Mesmo com uma série de barreiras, a etapa escolar aplica, agora, as diretrizes do Novo Ensino Médio. O Porvir consultou especialistas para entender: quais as perspectivas de mudança, principalmente quando o assunto é o ensino médio noturno?



Escola da escolha
A resposta, segundo os entrevistados, está na possibilidade de, tanto no diurno quanto no noturno, adolescentes e jovens passarem a ver mais sentido naquilo que estão aprendendo, por meio de escolhas próprias de suas trilhas de aprendizagem. Em ambos os horários, as matérias da formação geral básica passam a ser organizadas por meio de competências e habilidades baseadas na BNCC (Base Nacional Comum Curricular).

Entre as novidades trazidas pela reforma, está o Projeto de Vida. Já comum aos alunos de período integral, a componente curricular é transversal e busca estimular os estudantes a encontrar significado em múltiplas dimensões (profissional, social, física, emocional) e motivá-los a aprender ao longo da vida, bem como auxiliá-los a tomar decisões e resolver problemas.

Também entraram em vigor para turmas de primeiro ano os Itinerários Formativos, baseados em áreas do conhecimento (linguagens e suas tecnologias, matemática e suas tecnologias, ciências da natureza e suas tecnologias, ciências humanas e sociais aplicadas) ou na formação técnica e profissional. Quarenta por cento da carga horária será escolhida pelo estudante a partir de sua seleção, a fim de cursar o itinerário que mais lhe interessar.

“A possibilidade de escolha de Itinerários Formativos é o grande destaque no Novo Ensino Médio, não se restringindo a nenhum turno”, diz o superintendente de políticas educacionais da Secretaria de Estado de Educação de Mato Grosso do Sul, Helio Queiroz Daher. “O estudante escolherá sua trajetória e aprofundará seus conhecimentos, de acordo com seu Projeto de Vida, com ampliação da carga horária de 25 horas/aula para 30 horas/aula.
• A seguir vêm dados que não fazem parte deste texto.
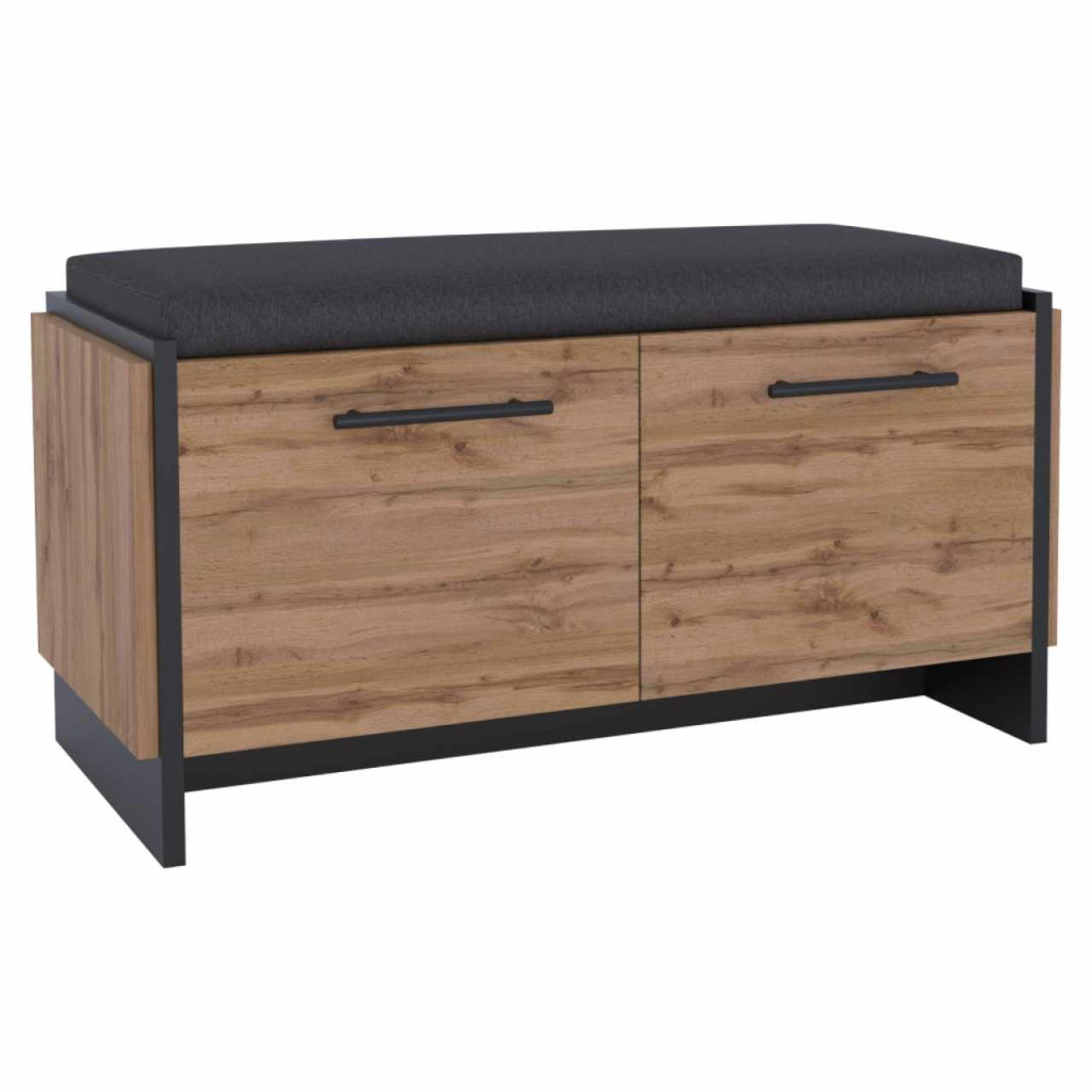 Anyag: laminált DTD/ABS élekKárpit anyaga: szövet Orinoco 96A szövet kopásállósága a Martindale teszt szerint: 45 000 - 50 000 ciklusSzín: wotan tölgy/feketeMéretek (SzxMéxMa): 96x45x45 cmAnyag vastagsága: 1,6 cmFém fogantyúkFogantyúk színe: feketeCipősszekrény teherbírása: 40 kgTárhelyKétajtósAlsó lap teherbírása: 5 kgÜlőpárnával szállítvaÜlőpárna méretei (SzxMéxMa): 90x42x5 cmDupla laminált DTDMűanyag lábakModern dizájnAjánljuk a falhoz rögzíteniSzétszerelve szállítva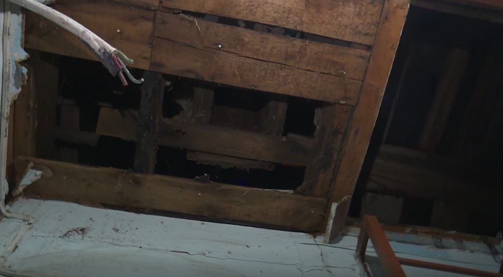 Алексей Думанов в своей квартире на втором этаже с женой и тремя детьми живет давно. Говорит, что в чердачном помещении электропроводов быть не должно. Они протянуты ниже потолка - вдоль стен.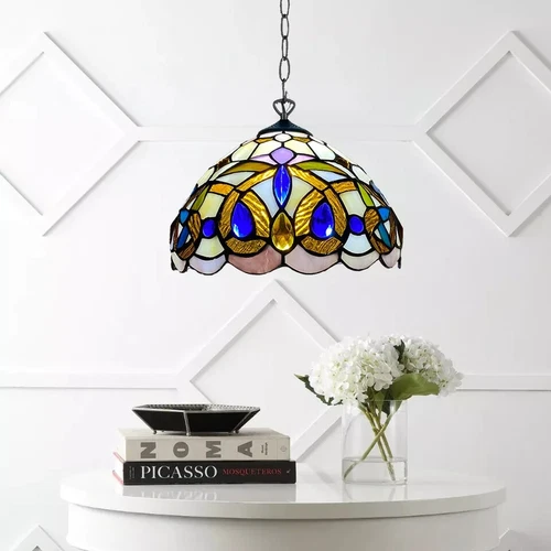 Tiffany Style Pendant Lamp 10" Stained Glass Ceiling Light Multicolour Shade UK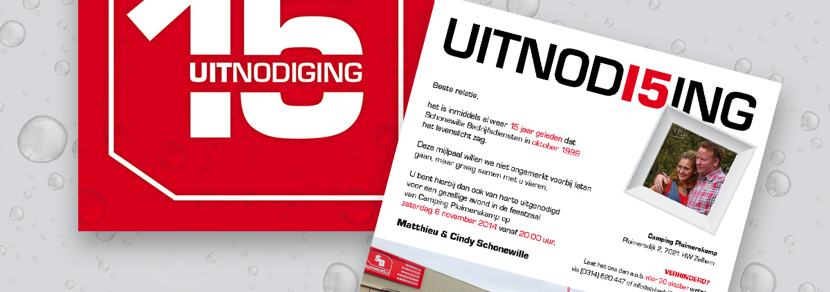 Het is inmiddels al weer 15 jaar geleden dat Schonewille Bedrijfsdiensten in oktober 1999 het levenslicht zag. lekker in vorm ontwierp de uitnodiging voor het jubileumfeest en liet deze drukken op een sprankelend ice silver metallic papier.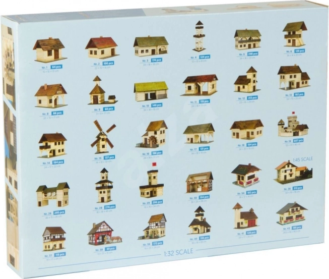 - Inhoud van de verpakking: dennenhouten latjes op maat, onderdelen voor daken en gevels, kartonnen uitsparingen voor ramen en deuren, voorbedrukte papieren prints, schematisch montageplan.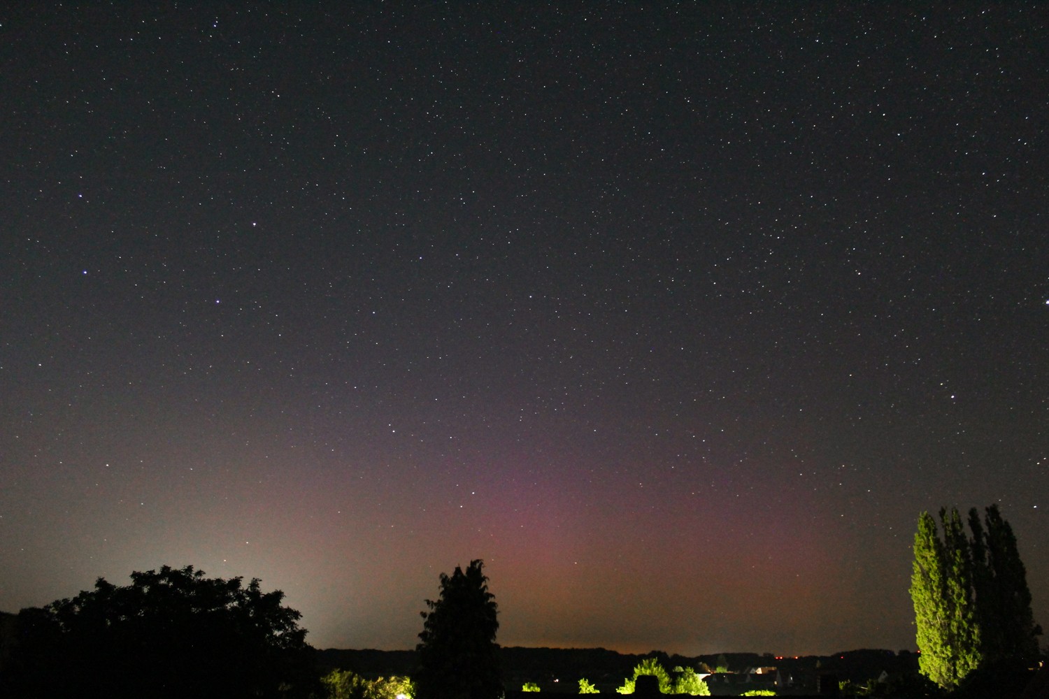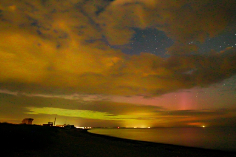 Kommentar: grüner gleichmäßiger Polarlichtbogen (max. Helligkeit: deutlich visuell), rote diffuse Flächen (max. Helligkeit: schwach visuell), blaues Polarlicht (fotografisch); Beamer (max.Helligkeit: deutlich visuell)

O estudante [noturno] passará de cinco para seis aulas diárias, sendo que nove aulas do noturno serão não-presenciais, correspondendo a 30% da carga horária semanal”, explica Helio, sobre a única diferença entre manhã e noite.

Os currículos já foram homologados em 22 estados brasileiros (Acre, Alagoas, Bahia, Rondônia e Tocantins ainda aguardam aprovação). O Novo Ensino Médio também amplia a carga horária anual (de 2,4 mil horas para 3 mil nas escolas de tempo parcial e, para as escolas de tempo integral, a ampliação será para 4,5 mil horas anuais).

“Tanto no diurno quanto no noturno, o estudante terá o direito de desenvolver competências cognitivas e socioemocionais. Dessa forma, a unidade curricular Projeto de Vida objetiva ao estudante a construção de seu futuro, de seus planos, anseios e conquistas profissionais”, reforça Helio. “A atenção para esta unidade curricular é relevante em todas as etapas da educação básica, independente do turno que o estudante esteja cursando”, afirma.

Para Caetano Siqueira, mestre em educação pela Universidade de Stanford (EUA), há grande expectativa de que o Projeto de Vida traga real significado para o estudante, principalmente aos do período noturno. “Sabemos que o ensino médio noturno, regular, não é o ideal, especialmente para quem não trabalha durante o dia. Ele existe especialmente para atender os mesmos direitos de quem trabalha, precisa conciliar as jornadas e concluir a educação básica”, afirma. “São jovens mais velhos, mais maduros, que por vezes estão em outra fase da vida. A partir da sua aptidão e das suas escolhas, eles passam a ver mais sentido na escola quando ficam mais tempo estudando o que escolheram, têm mais incentivo para não desistir”, ressalta. “Espera-se que a evasão também seja reduzida”, complementa.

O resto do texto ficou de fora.